Leave the pictures out and repeat the rest of the data below exactly.

(Beginning of Data segment)

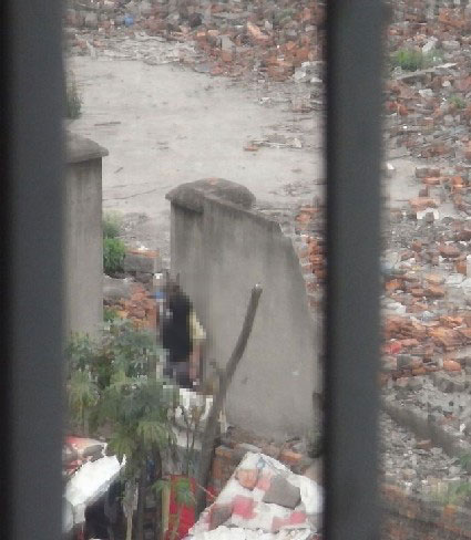 發(fā)帖者說(shuō),“成都某大學(xué)的一對(duì)情侶就這樣饑渴難耐啊,在學(xué)校附近一被拆遷的房子一堵墻下偷歡,沒(méi)有一片瓦為他們遮擋,太可悲了!
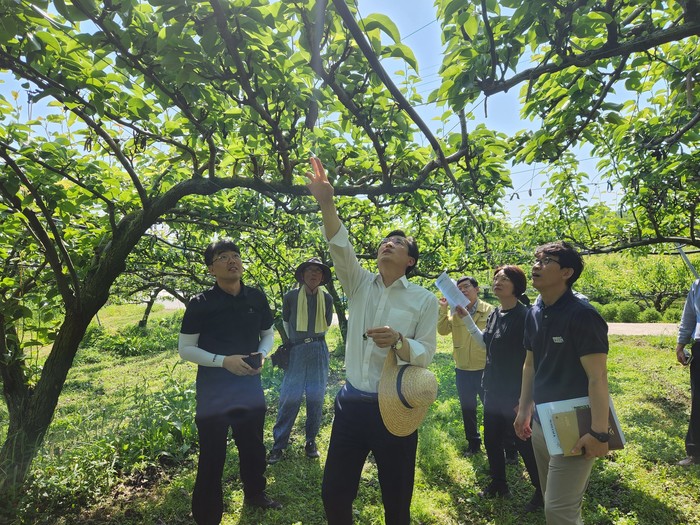 ▲우승희 영암군수 덕진면 이상저온 과수 피해 농가 방문/영암군 제공 |
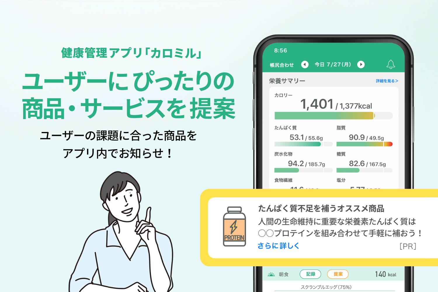 カロミルで健康管理をしているユーザーは、「ダイエットに取り組みたい」「健康を維持したい」「栄養バランスを整えたい」など、食事内容や体質の改善志望を持ちつつも、どのように行動してよいかわからないユーザーが多くいます。今回このようなユーザーの声に応えるべく、ユーザーの課題に合った親和性の高い商品をカロミルアプリ上で提案するサービスをスタートしました。
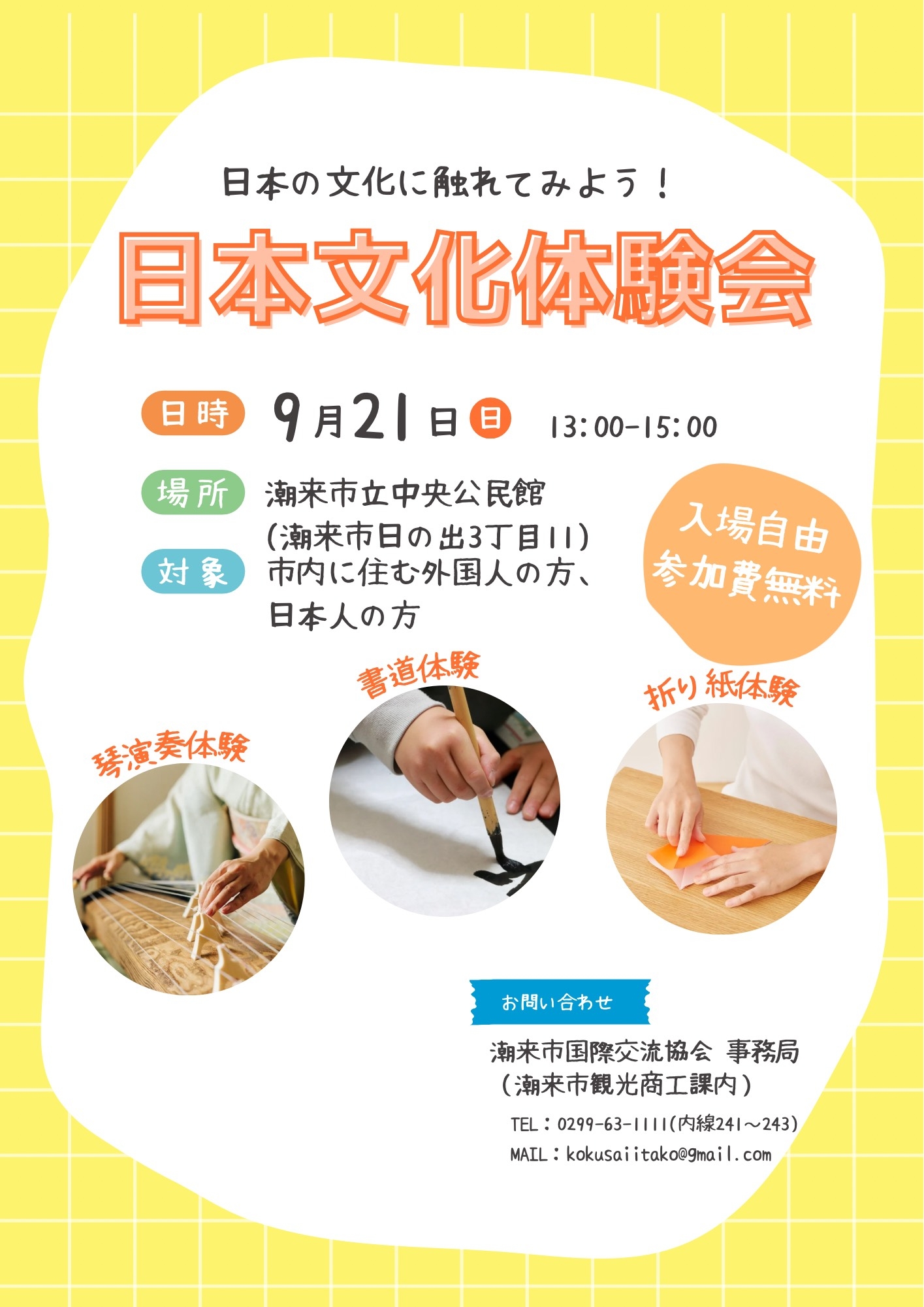 9月21日(日) 潮来市立中央公民館 大ホールにて、「日本文化体験会」を開催しました。講師として、箏演奏の高橋先生、潮来市文化協会書道部、潮来高校JRC部の皆様にご協力いただき、会場に箏の演奏、書道、折り紙が体験できるブースを設けました。参加者は講師の先生にやさしく教えてもらいながら、箏の音を奏でたり、習字で好きな字を書いたりしました。

(End of Data segment)

Task answer
 發(fā)帖者說(shuō),“成都某大學(xué)的一對(duì)情侶就這樣饑渴難耐啊,在學(xué)校附近一被拆遷的房子一堵墻下偷歡,沒(méi)有一片瓦為他們遮擋,太可悲了!
 ▲우승희 영암군수 덕진면 이상저온 과수 피해 농가 방문/영암군 제공 |
 カロミルで健康管理をしているユーザーは、「ダイエットに取り組みたい」「健康を維持したい」「栄養バランスを整えたい」など、食事内容や体質の改善志望を持ちつつも、どのように行動してよいかわからないユーザーが多くいます。今回このようなユーザーの声に応えるべく、ユーザーの課題に合った親和性の高い商品をカロミルアプリ上で提案するサービスをスタートしました。
 9月21日(日) 潮来市立中央公民館 大ホールにて、「日本文化体験会」を開催しました。講師として、箏演奏の高橋先生、潮来市文化協会書道部、潮来高校JRC部の皆様にご協力いただき、会場に箏の演奏、書道、折り紙が体験できるブースを設けました。参加者は講師の先生にやさしく教えてもらいながら、箏の音を奏でたり、習字で好きな字を書いたりしました。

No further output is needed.